Information supplied
=======
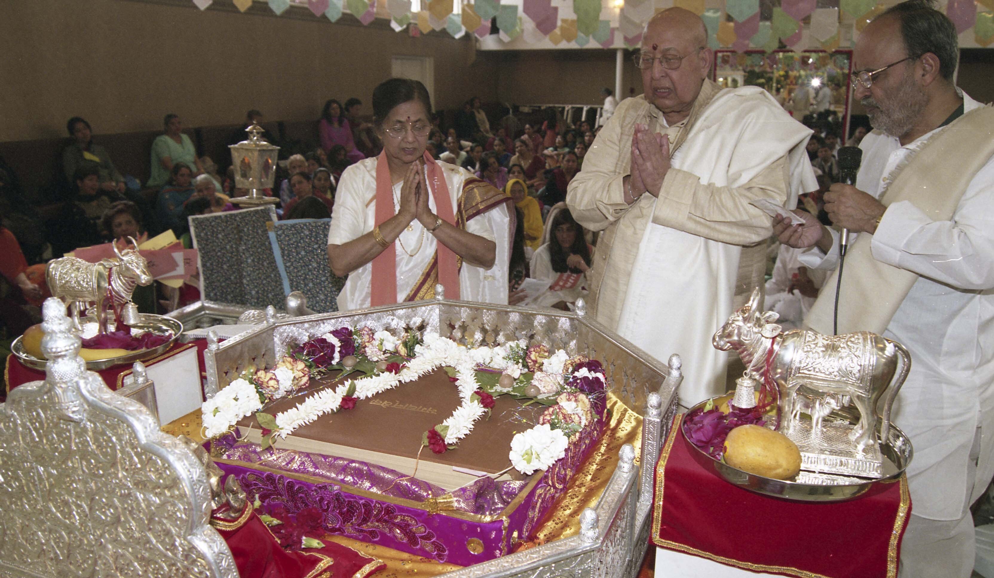Photograph of an installation ceremony (sthapana) for a holy book, The Veda, at the Hindu Cultural Society and Community Centre of B.C. in Burnaby, B.C.
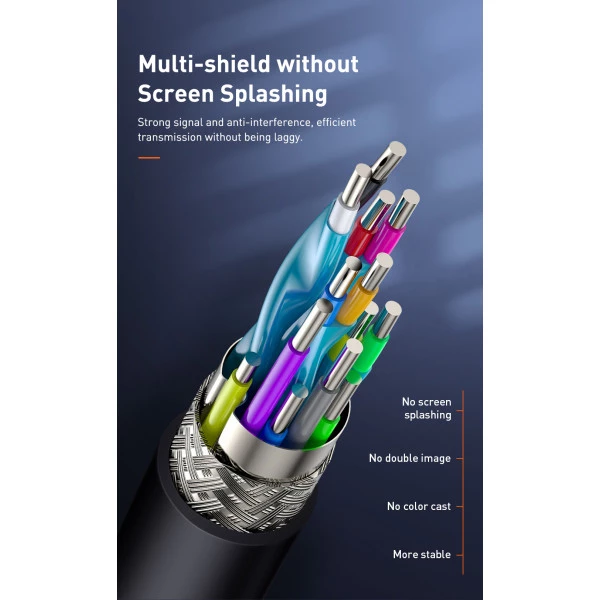 کابل HDMI باسئوس از استاندارد HDMI 2.0 پیروی می‌کند. پهنای باند 18 گیگابیت بر ثانیه انتقال داده سریع را تضمین می‌کند. این سرعت برای محتوای 4K ضروری است. تاخیر در تصویر و صدا وجود ندارد.
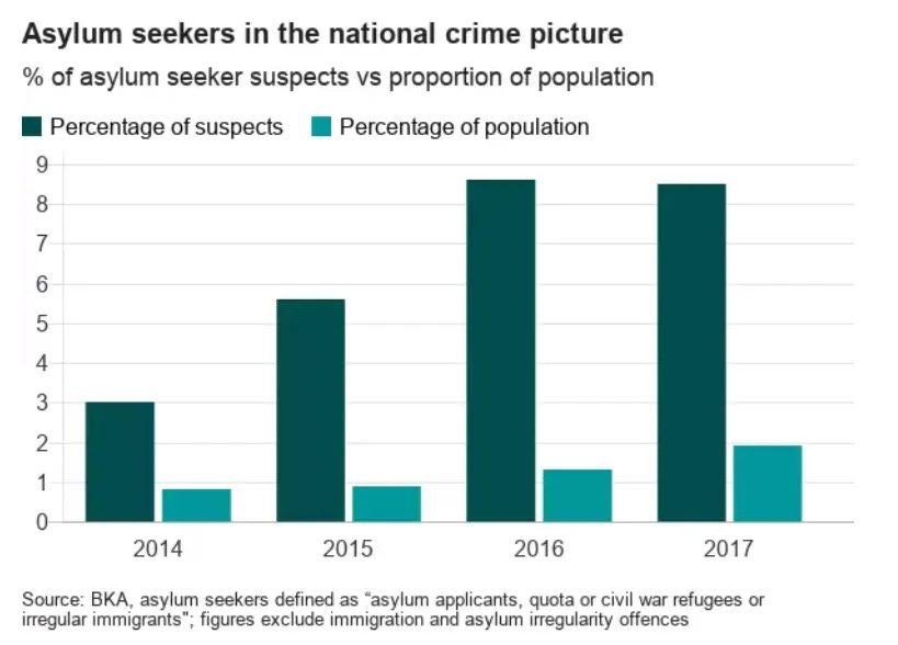 With respect to asylum seekers in Germany in particular, data from the BBC revealed that, as of 2017, they constituted 2% of the population yet accounted for 10.4% of murder suspects and 11.9% of those suspected of sexual offenses:
=======
Copy out the full material exactly. Pictures should not appear in it.

Reply
Photograph of an installation ceremony (sthapana) for a holy book, The Veda, at the Hindu Cultural Society and Community Centre of B.C. in Burnaby, B.C.
 کابل HDMI باسئوس از استاندارد HDMI 2.0 پیروی می‌کند. پهنای باند 18 گیگابیت بر ثانیه انتقال داده سریع را تضمین می‌کند. این سرعت برای محتوای 4K ضروری است. تاخیر در تصویر و صدا وجود ندارد.
 With respect to asylum seekers in Germany in particular, data from the BBC revealed that, as of 2017, they constituted 2% of the population yet accounted for 10.4% of murder suspects and 11.9% of those suspected of sexual offenses:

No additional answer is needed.